The next steps of fertilisation ensure a diploid nature of the forming embryo and the prevention of polyspermy or meiosis.
Immediately after sperm and egg fusion intracellular Ca levels rise dramatically. This causes cortical granules to release their contents into the peri-vitalline space that disrupts the ZP receptors and prevents further binding by any other sperm. The increased Ca also activates secondary oocyte meiotic division.
Sperm head proteins decondense and a few hours after fusion, membranes form around each set of gamete haploid DNA to form two pronuclei. The pronuclei approach each other, the nuclear envelopes disappear and the two chromosome sets aggregate in prophase – this completes the process of fertilisation as the zygote can now begin mitotic division.
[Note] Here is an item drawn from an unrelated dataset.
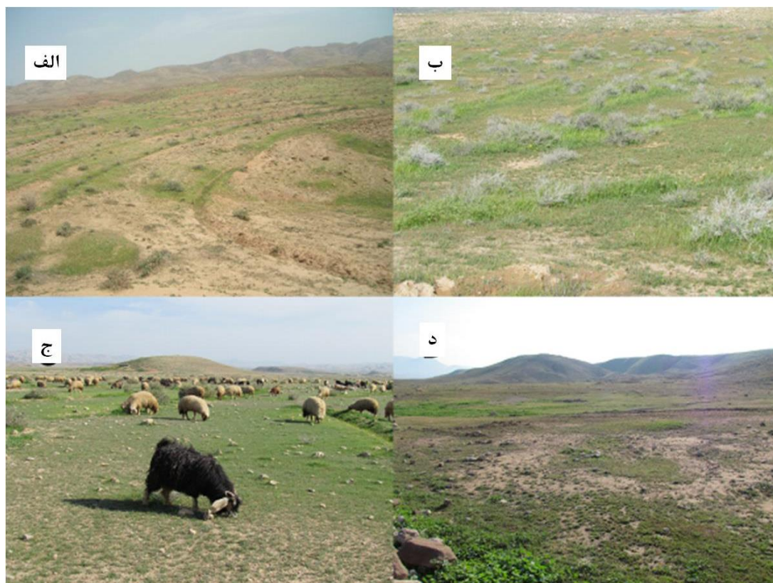
شکل ۲. الف: وضعیت تیمار عملیات فارو همراه با بوته کاری؛ ب: تیمار عملیات پیتینگ همراه با بوته کاری؛ ج: وضعیت پوشش گیاهی مرتع تحت سیستم چرایبی تناوبی - استراحتی؛ د: مرتع شاهد با بهره برداری متداول منطقه

The majority of zygote cytoplasm comes from the oocyte and so even after vesicle membrane breakdown oocyte DNA dominates. Successful fertilisation requires the correct formation of proteins from the oocyte, most of which would have formed when the oocyte was still in the follicle – correct follicular growth is therefore important for successful fertilisation.
Mitosis of the zygote continues – cell cleavage results in the formation of blastomeres that are large cells. When the zygote is 8-cells large, the embryonic genome becomes active and it begins to synthesise its own ribosomal RNA. It is believed that cell differentiation occurs at the 8 cell stage as well, because separation of the cells at the 4 cell stage will result in 4 identical offspring, however separation at the 8 cell stage only results in a maximum of 5 identical offspring.
The zygote arrives in the uterus in the morulla or blastocyst stage still in the zona.